Согласен, звучит неправдоподобно. Пароход? В первом веке нашей эры?

Некоторые специалисты по истории техники предполагают, что в период расцвета империи Рим стоял на пороге открытия парового двигателя, который приводил бы в движение его боевые и прочие механизмы. Не будь упадка империи и завоевания ее варварами, какие-нибудь римские братья Райт вполне могли бы оторваться от земли на летательном аппарате уже в конце первого тысячелетия, а не десять веков спустя. Конечно, после Ромула Августула, последнего императора, смещенного в 476 году, ситуация в Риме, захваченном германскими легионами собственной некогда победоносной армии, изменилась от плохого к худшему. В последовавшие затем века христианства монастыри сохранили лишь крохи античной цивилизации (и то в основном из области гуманитарных наук). Что до римской технологии, единственными уцелевшими практическими устройствами оказались военные, как, например, онагр.
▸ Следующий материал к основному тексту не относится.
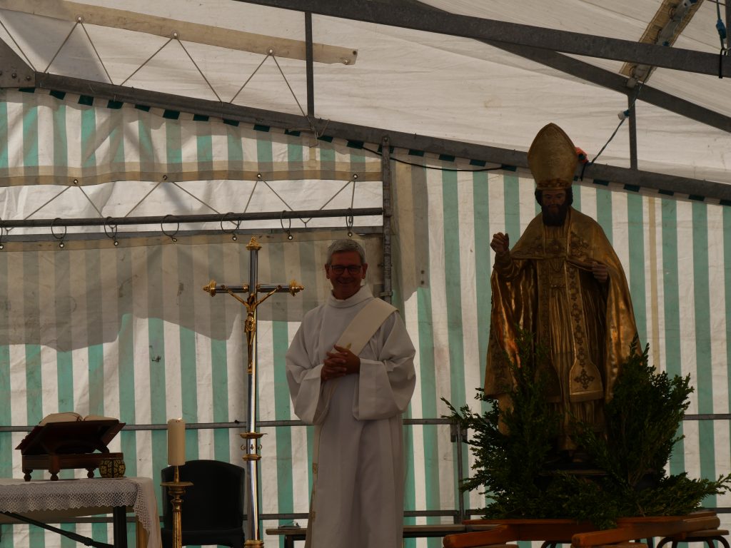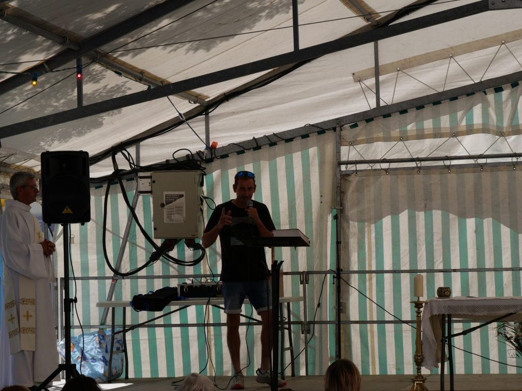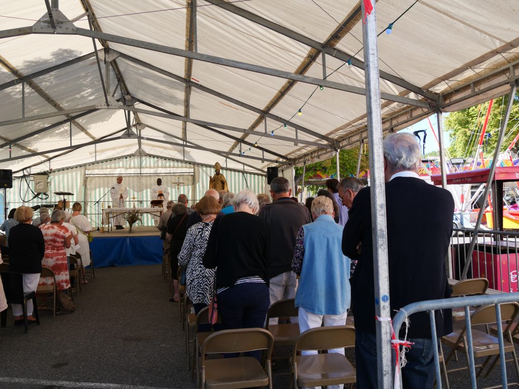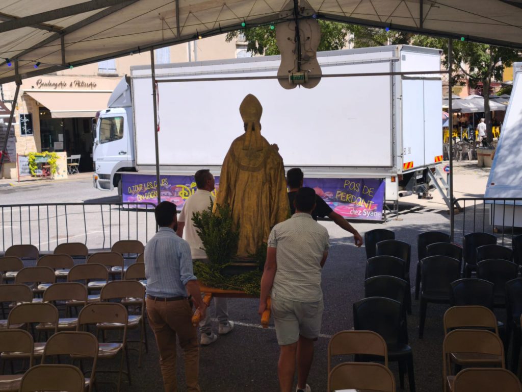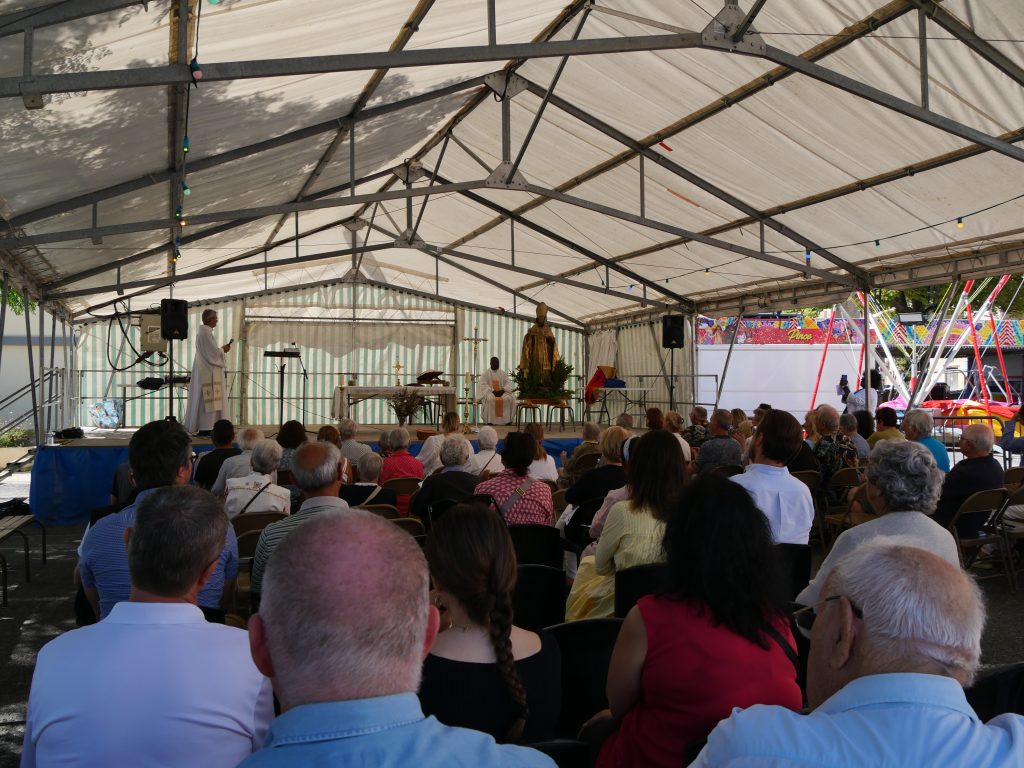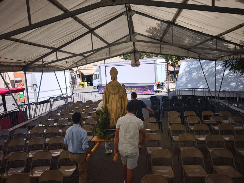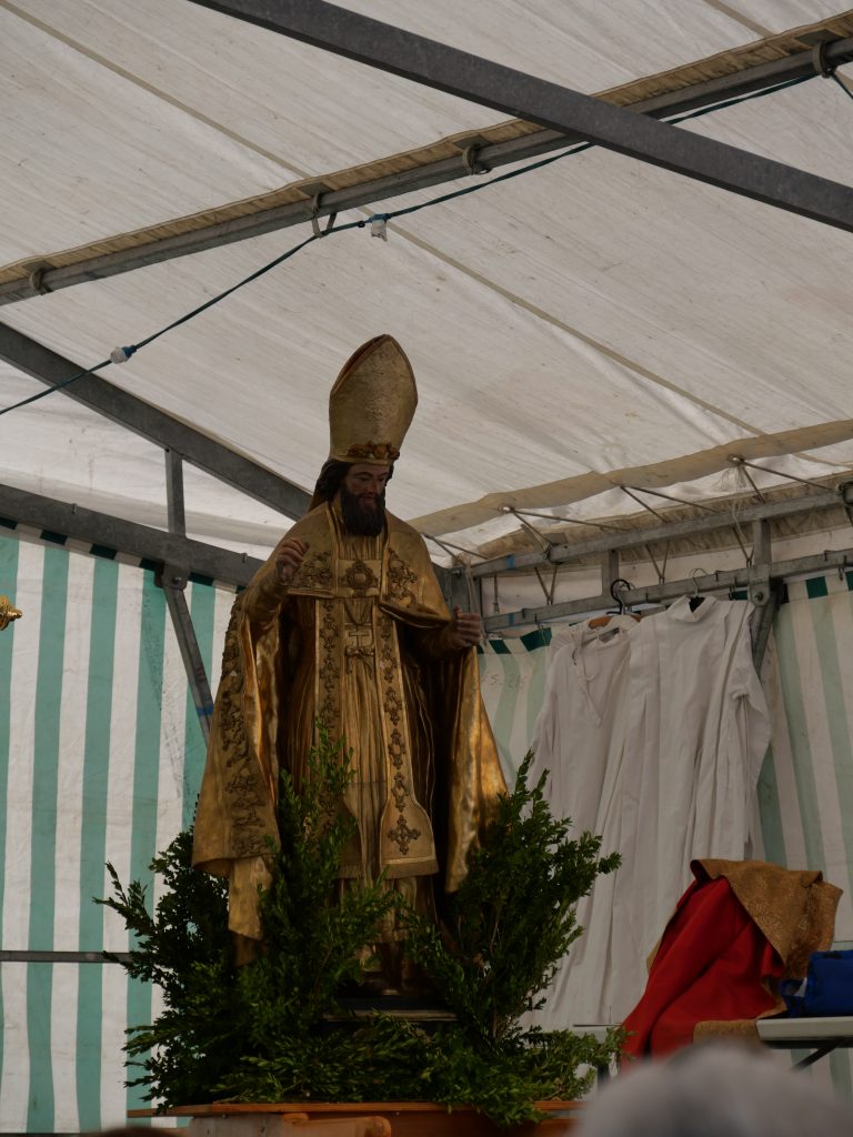 Procession qui est partie de l’église Haute jusqu’à la place du village où la messe sera célébrée.
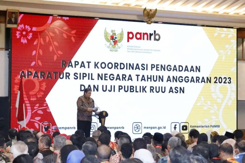 Acara Rapat Koordinasi Pengadaan ASN Tahun Anggaran 2023 dan Uji Publik RUU ASN ini dibuka oleh Menko Bidang Perekonomian Republik Indonesia Airlangga Hartarto. Pada sambutannya Airlangga menyampaikan rekruitmen calon ASN harus diputuskan dengan mempertimbangkan tenaga non – ASN yang memenuhi syarat untuk mengisi posisi yang dibutuhkan oleh instansi pemerintah selain itu penyederhanaan birokrasi harus segera dilaksanakan untuk mempermudah pelayanan terhadap masyarakat.

Есть ли в тексте Квеста указания на то, как он мог наткнуться на идею чего-то подобного паровому двигателю? Есть. В Св. I, Фр. 11 в ответ на вопрос императора о том, чем он собирается заняться, молодой Квест не без заминки отвечает: «Мне бы хотелось… изобретать… для армии…», но его прерывает восклицание отца: «Игрушки! …он придумывает игрушки!» Затем раб Сентрис приносит что-то, что «остановилось», когда еще что-то «вывалилось». К сожалению, значительная часть рукописи повреждена настолько, что совершенно не поддается прочтению, но что бы там ни принес Сентрис, оно, по всей видимости, начало двигаться, потом остановилось, так как нечто вывалилось – очевидно, какая-то деталь.

Теперь давайте вернемся к Св. I, Фр. 5, где поклонник Прокулеи Цецина привозит маленькому Квесту игрушку: три ветряные мельницы, сделанные из трубочек, которые «действительно вращались». В истории техники мы находим упоминание устройства, называемого «эолипил Герона». Эта игрушка представляла собой закупоренный металлический сосуд с двумя или четырьмя вертикальными изогнутыми на концах трубочками. Если наполнить устройство водой и подвесить над огнем, вода закипает, пар поднимается по изогнутым трубочкам-форсункам, заставляя сосуд вращаться. Короче говоря, перед нами – ранний предшественник парового двигателя, или, точнее, паровой турбины. Тогда никто не воспринимал его всерьез – просто игрушка, как верно назвал ее отец Квеста Гай.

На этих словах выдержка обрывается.